Q&A: Matthew McConaughey On Magic Mike

Pete Hammond is Deadline’s awards columnist. This article appeared in the Dec. 5 issue of AwardsLine.

After being stuck in the rut of doing a series of high-paying major studio romantic comedies, Matthew McConaughey made a smart career switch and has been winning acclaim for one risky role after another in the last year. Beginning with his successful turn as The Lincoln Lawyer, the actor whose most significant recent awards talk had been as People Magazine’s Sexiest Man Alive suddenly turned out a surprising run of varied roles in disparate, edgy indie movies. There was his prosecutor in Bernie. Then there was a well-received pair of performances in Lee Daniels’ southern potboiler The Paperboy and Jeff Nichols’ Mud that were both in the official competition in Cannes in May. Now he’s been nominated for two Independent Spirit Awards for his leading role in William Friedkin’s NC-17 Killer Joe and supporting turn as the veteran male stripper in Steven Soderbergh’s Magic Mike, a summertime hit that is also getting lots of Oscar buzz. When I talked to him recently, he looked gaunt and pale after losing 38 pounds to play an AIDS victim in his next project, The Dallas Buyers Club. McConaughey has clearly taken his career in fascinating new directions.

AWARDSLINE: You have been having a hell of a year. Really, one movie after another, and I don’t think you’ve stopped working. Have you had a day off?

MATTHEW MCCONAUGHEY: Not many. I did five (films) in a row—the most I’ve ever done in a year were three. I remember telling my now wife, then girlfriend, that I’ve never had less than a month and a half to prepare. It scares the hell out of me. And she was like, “We’ll work it out.” I only had two weeks between a couple of them, and it (worked) out really well.
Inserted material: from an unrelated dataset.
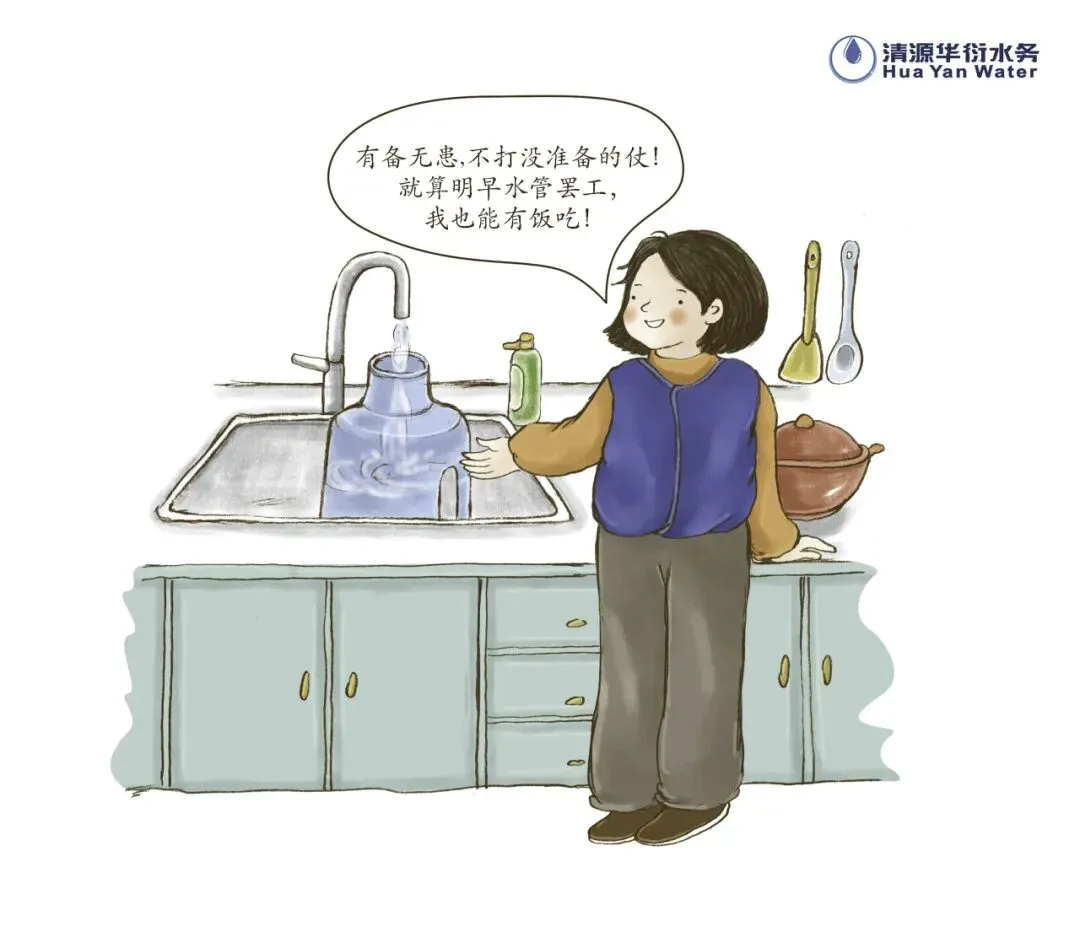 晚上做好贮水准备,以避免给次日生活造成不便;长期外出回来,第一次用水时,建议放水数分钟至水质澄清。
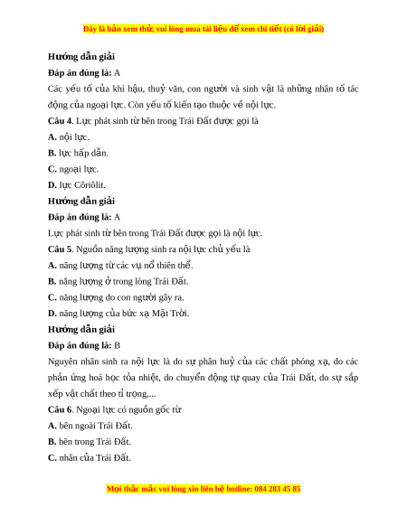 Đây là bản xem th , vu ử i lòng mua tài li u ệ đ xe ể m chi ti t (c ế ó l i ờ gi i ả ) Hư ng d ớ ẫn gi i ả Đáp án đúng là: A Các y u ế tố c a ủ khí h u, ậ thuỷ văn, con ngư i ờ và sinh v t ậ là nh ng ữ nhân tố tác đ ng ộ c a ngo ủ i ạ l c. ự Còn y u t ế ki ố n t ế o t ạ hu c ộ v n ề i ộ l c. ự Câu 4. L c phát ự sinh t bên t ừ rong Trái Đ t ấ đư c g ợ i ọ là A. n i ộ l c. ự B. l c h ự ấp dẫn. C. ngo i ạ l c. ự D. l c ự Côriôlit. Hư ng d ớ ẫn gi i ả Đáp án đúng là: A L c phát ự sinh t bên t ừ rong Trái Đ t ấ đư c g ợ i ọ là n i ộ l c. ự

Your mechanics are lubricated, you’re kind of flowing. The hard part is just dismissing the last character and moving into the next one. Each one scared me in a different way, and I hadn’t been scared in a while. But it’s that good kind of fear.

They’re all sort of outlaws, all guys living on the fringe—characters that aren’t really pandering to any certain social norms or civilized laws. I liked them all. Also, they didn’t placate to that three-act narrative structure. I enjoy when characters are moving forward, even if it’s doomed for wrong. Maybe they’re going backward, but they think they’re moving forward in their own mind. You know, there’s Dallas (from Magic Mike)—you could argue that he’s delusionally optimistic. (Laughs.)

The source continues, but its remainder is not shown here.